Table 5: Effect of KALYDECO on Other Efficacy
Endpoints in Trials 1 and 2
| Trial 1 | Trial 2 | |||
| Treatment differencea (95% CI) | P value | Treatment difference a (95% CI) | P value | |
| Mean absolute change from baseline in CFQ-R respiratory domain score (points) | ||||
| Through Week 24 | 8.1 (4.7, 11.4) | <0.0001 | 6.1 (-1.4, 13.5) | 0.1092 |
| Through Week 48 | 8.6 (5.3, 11.9) | <0.0001 | 5.1 (-1.6, 11.8) | 0.1354 |
| Relative risk of pulmonary exacerbation | ||||
| Through Week 24 | 0.40 b | 0.0016 | NA | NA |
| Through Week 48 | 0.46 b | 0.0012 | NA | NA |
| Mean absolute change from baseline in body weight (kg) | ||||
| At Week 24 | 2.8 (1.8, 3.7) | <0.0001 | 1.9 (0.9, 2.9) | 0.0004 |
| At Week 48 | 2.7 (1.3, 4.1) | 0.0001 | 2.8 (1.3, 4.2) | 0.0002 |
| Absolute change in sweat chloride (mmol/L) | ||||
| Through Week 24 | -48 (-51, -45) | <0.0001 | -54 (-62, -47) | <0.0001 |
| Through Week 48 | -48 (-51, -45) | <0.0001 | -53 (-61, -46) | <0.0001 |
| CI: confidence interval; NA: not analyzed due to low
incidence of events a Treatment difference = effect of KALYDECO – effect of Placebo b Hazard ratio for time to first pulmonary exacerbation |
||||
The efficacy and safety of KALYDECO in patients with CF who have a G1244E, G1349D, G178R, G551S, G970R, S1251N, S1255P, S549N, or S549R mutation in the CFTR gene were evaluated in a two-part, randomized, double-blind, placebo-controlled, crossover design clinical trial in 39 patients with CF (Trial 4).
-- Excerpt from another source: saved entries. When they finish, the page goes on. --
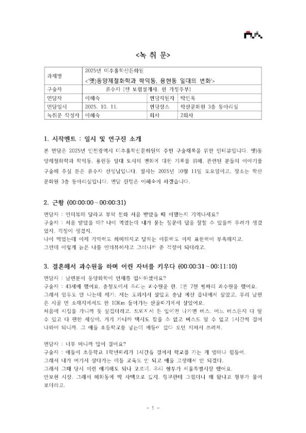 • 면 담 자 : 미추홀 시민기록단 이혜숙
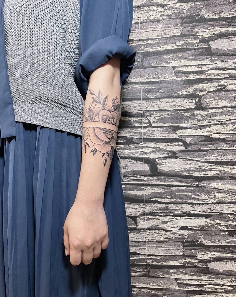 当前位置: 首页 >广东省中山市纹身店-吉刺青纹身图案>玫瑰素花环纹身图片_手臂点刺纹身图案
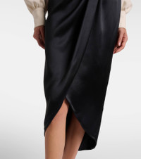 Embrace timeless elegance with this piece from Valentino. Crafted from silk, this midi skirt is designed to sit low on the hips and features a charming asymmetrical hem. Product Details - Material: 100% silk - Care instructions: dry clean - Made in Italy - Designer color name: Nero - Item color: black - Closure: concealed zipped back - Hem: uneven - Item number: P01107928 Size & Fit - True to size - Non-stretchy fabric - Sits low on the hips - The model seen in the picture is 178cm-5'10" and wearing a size IT 40
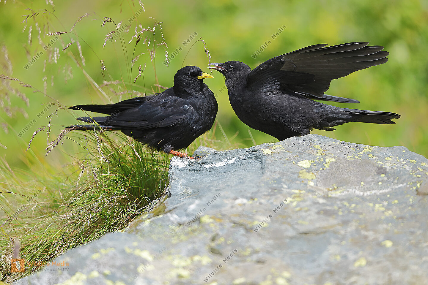 Alpendohle füttert Jungvogel
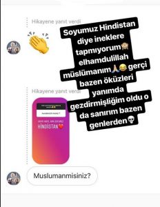 Kızının sağlık sorunlarıyla ilgilenmediği yönündeki haberlerle gündeme gelen ve sonrasında da eski eşiyle medya üzerinden uzun soluklu bir tartışma yaşayan Ceren Hindistan sosyal medya hesabı üzerinden takipçilerinin sorularını yanıtladı. Bir takipçisinin kendisine yönelttiği ‘Müslüman mısınız?’ sorusuna yanıt veren Hindistan şu ifadeleri kullandı:
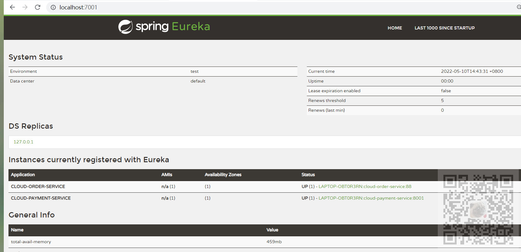 可以看到Eureka的Server端启动成功,并且两个服务也已经注册成功
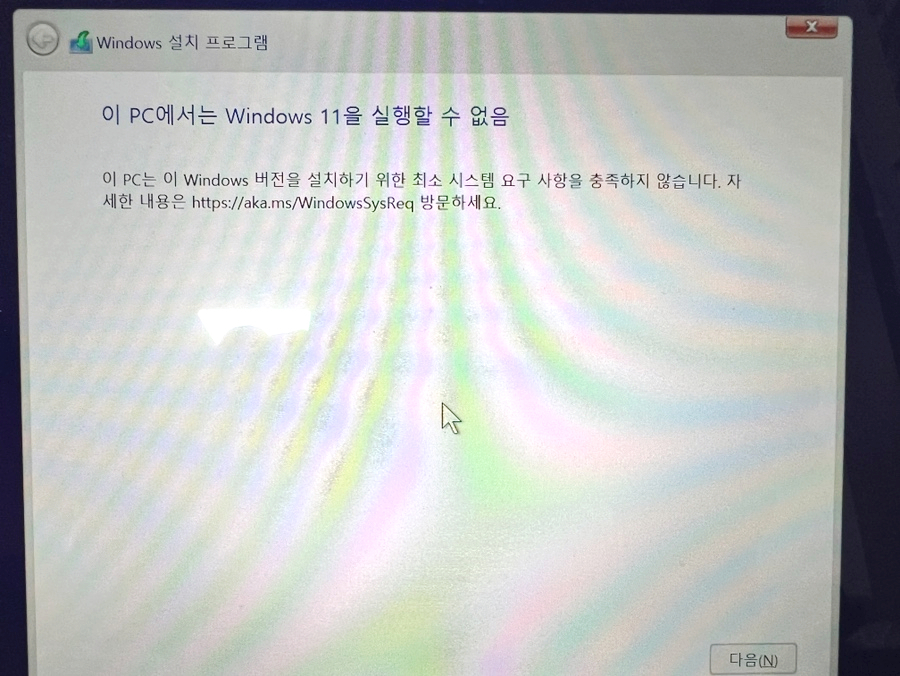 윈도우는 11로 설치를 시도했으나 최소 시스템 요구 사항을 충족하지 않는 다는 메시지가 뜨고 윈도우 11 설치가 불가능했습니다. 찾아보니 CPU 기본 클럭이 800Mhz라서 안된다고 합니다.
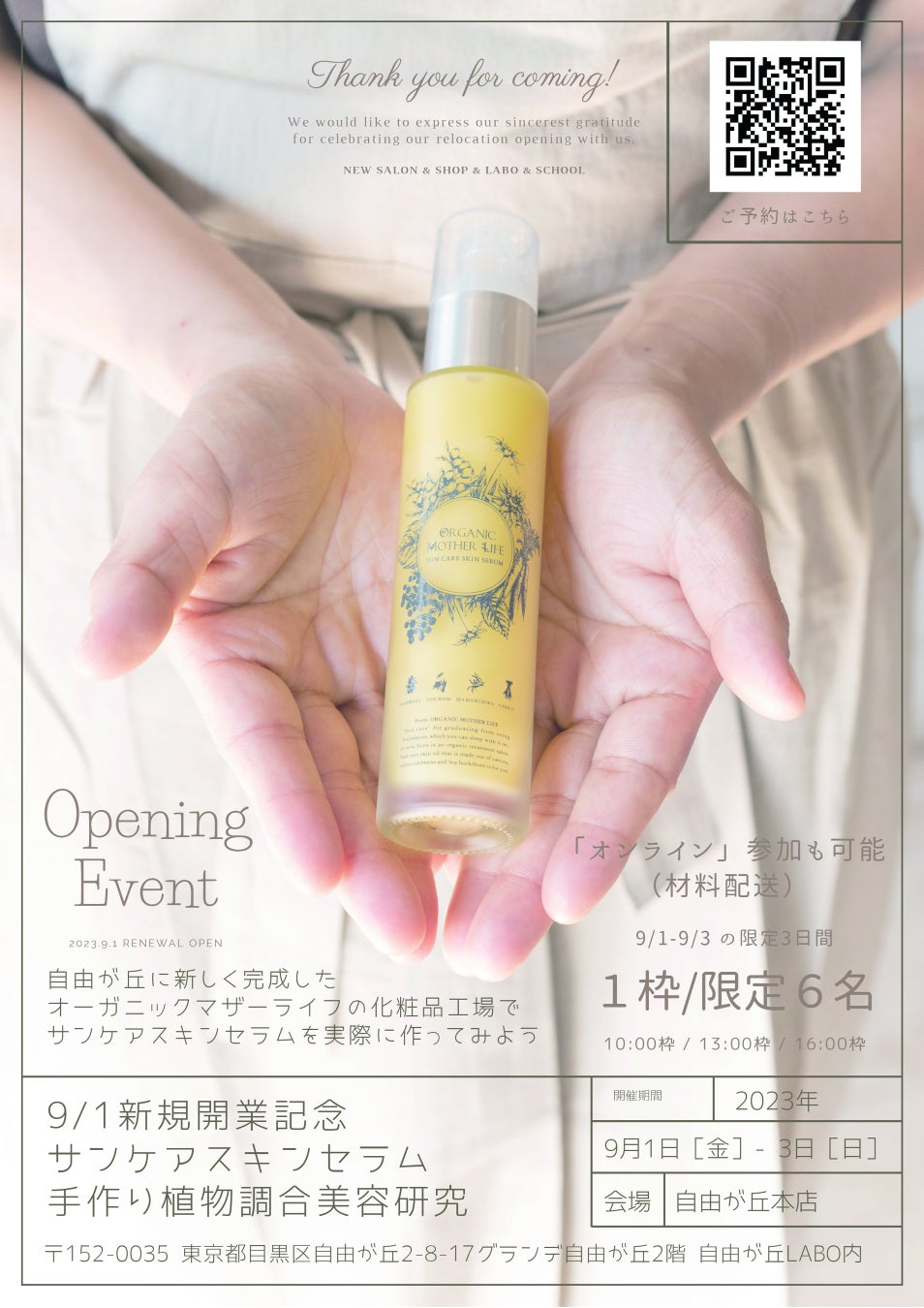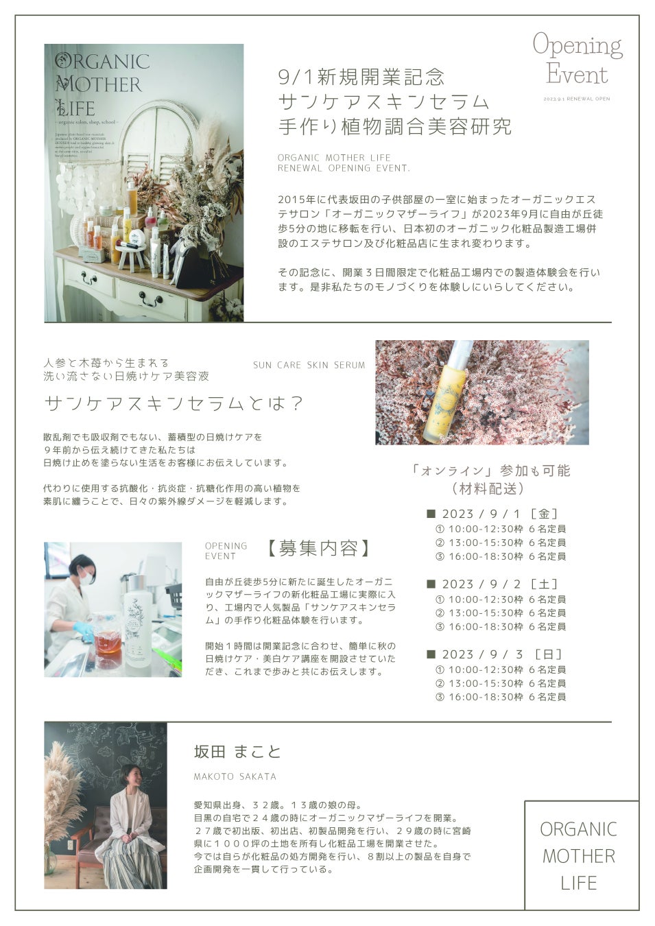 新たに誕生したオーガニックマザーライフの新化粧品工場に実際に入り、工場内で人気製品「サンケアスキンセラム」の手作り化粧品体験を行います。開始1時間は開業記念に合わせ、簡単に秋の日焼けケア・美白ケア講座を開設させていただき、これまで歩みと共にお伝えします。

Patients who completed Part 1 of this trial continued into the 16-week open-label Part 2 of the study. The mutations studied were G178R, S549N, S549R, G551S, G970R, G1244E, S1251N, S1255P, and G1349D. See Clinical Studies for efficacy in patients with a G551D mutation.
Patients were 6 years of age or older (mean age 23 years) with FEV1 ≥40% at screening [mean FEV1 at baseline 78% predicted (range: 43% to 119%)]. Patients with evidence of colonization with Burkholderia cenocepacia, Burkholderia dolosa, or Mycobacterium abscessus and those with abnormal liver function defined as 3 or more liver function tests (ALT, AST, AP, GGT, total bilirubin) ≥3 times the upper limit of normal at screening were excluded.
Patients were randomized 1:1 to receive either 150 mg of KALYDECO or placebo every 12 hours with food containing fat for 8 weeks in addition to their prescribed CF therapies during the first treatment period and crossed over to the other treatment for the second 8 weeks. The two 8-week treatment periods were separated by a 4- to 8-week washout period. The use of inhaled hypertonic saline was not permitted.
The primary efficacy endpoint was improvement in lung function as determined by the mean absolute change from baseline in percent predicted FEV1 through 8 weeks of treatment. Other efficacy variables included absolute change from baseline in sweat chloride through 8 weeks of treatment [see CLINICAL PHARMACOLOGY], absolute change from baseline in body mass index (BMI) at 8 weeks of treatment (including body weight at 8 weeks), and improvement in CFQ-R respiratory domain score through 8 weeks of treatment. For the overall population of the 9 mutations studied, treatment with KALYDECO compared to placebo resulted in significant improvement in percent predicted FEV1 [10.7 through Week 8 (P<0.0001)], BMI [0.66 kg/m²at Week 8 (P<0.0001)], and CFQ-R respiratory domain score [9.6 through Week 8 (P=0.0004)]; however, there was a high degree of variability of efficacy responses among the 9 mutations (Table 6).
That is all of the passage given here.